4. The method for preparing lithium bisfluorosulfonyl imide according to any one of claims 1 to 3, wherein x=0 or 1.
5. The preparation method of lithium bisfluorosulfonimide according to claim 1, which is particularly The characteristic is that the molar ratio of _the ammonia source: R.(HF) _n : _SO2FxCly is 1:(1~5):(2~4) based on the molar amount of _nitrogen .
6. The preparation method of lithium bisfluorosulfonimide according to claim 5, characterized in that the ammonia source is based on the molar amount of nitrogen, and the ammonia source: R·(HF) _n :SO ₂ F _x Cl _y molar ratio It is 1:(2.5～5):(2.0～2.1).

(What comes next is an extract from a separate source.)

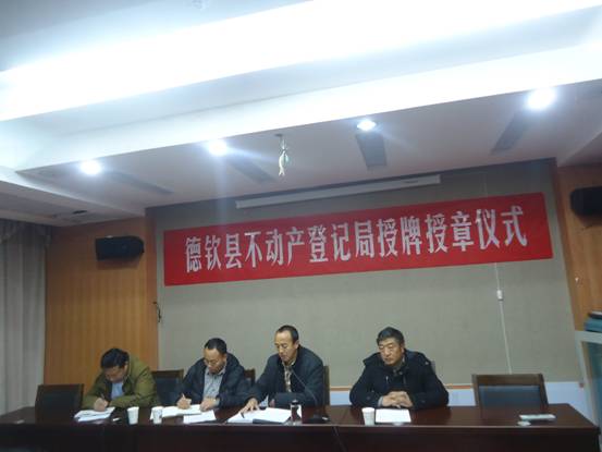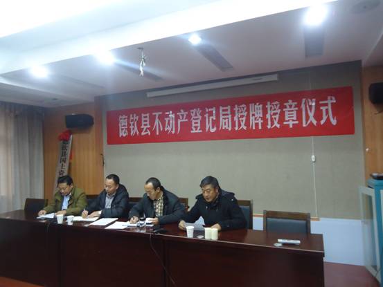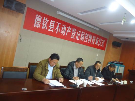 德钦县举行不动产登记局授牌授章 成立仪式 12月18日上午,德钦县不动产登记局授牌授章仪式在县行政大楼三楼视频会议室举行,标志着德钦县不动产登记局正式成立、不动产统一登记工作将全面启动。德钦县副县长宫布、县编办、县住建局、县林业局、县农业局、县地税局、县纪委、县政务局等县直单位的领导及县国土资源局在家全体职工共同参加了授牌授章仪式,仪式由德钦县国土资源局局长李小康主持。 仪式上首先由德钦县国土资源局党组书记泽仁达瓦汇报了德钦县不动产登记局筹建工作开展及组建进程相关情况。接着,县委编办主任立青都吉宣读了关于德钦县不动产登记局的成立文件。随后,德钦县宫布副县长代表县人民政府作讲话,他指出:“成立不动产登记局是中央全面深化改革的重要组成部分,是国务院机构改革和职能转变的重要内容,是一项重大的民生工程,涉及老百姓的切身利益,工作面广、量大、技术含量高,因此希望不动产登记局要加强宣传,大力宣传开展不动产统一登记工作的重要性,增强群众基础,争取社会舆论和公众的支持配合;要以坚持维护广大人民群众合法财产权益、保障交易安全、便民利民为原则和宗旨,从源头上考虑合理设计工作流程、尽量减少环节、简化办事程序、节省登记费用,确保政府行政效率和服务水平得到提高和完善”。 最后,由德钦县国土资源局李小康局长向新成立的不动产登记局工作人员授牌授章,李小康局长发言表示“将以这次授牌授章仪式为契机,充分发挥职能,以严实精神、严实作风,履职尽责、依法行政、开拓创新,真正形成具有坚强战斗力和凝聚力的集体,更好地服务全县人民”。

7. The preparation method of lithium bisfluorosulfonimide according to claim 1, characterized in that the reaction for preparing the bisfluorosulfonimide salt is carried out at -10~50°C, preferably at 20~35°C. conduct;

   And/or, the reaction time for preparing the bisfluorosulfonyl imide salt is 2 to 7 hours.
8. The method for preparing lithium bisfluorosulfonimide according to claim 1, characterized in that an organic base is also added in the reaction for preparing the bisfluorosulfonimide salt.
9. The preparation method of lithium bisfluorosulfonyl imide according to any one of claims 1 to 3 or any one of claims 5 to 8, characterized in that the purification method is: adding a poor solvent for crystallization, and the poor solvent is crystallized. The solvent is preferably one or more combinations of C5 to C8 alkanes, benzene, toluene, xylene, methylene chloride, dichloroethane, trichloroethane, tetrachloroethane, and carbon tetrachloride;

   Preferably, crystal washing is also included after the crystallization.
10. The preparation method of lithium bisfluorosulfonimide according to claim 9, characterized in that, before the crystallization, it also includes: desolventizing and filtering the reaction product of the bisfluorosulfonimide salt and the lithium source, concentrate.
11. The preparation method of lithium bisfluorosulfonyl imide according to claim 1, characterized in that the conditions of the vacuum distillation are: material temperature 50-55°C, vacuum ≥-0.09Mpa.
12. Preparation method of lithium bisfluorosulfonyl imide according to claim 1 or 11 The method is characterized in that, after the vacuum distillation, it also includes: washing with water to obtain the bisfluorosulfonimide salt.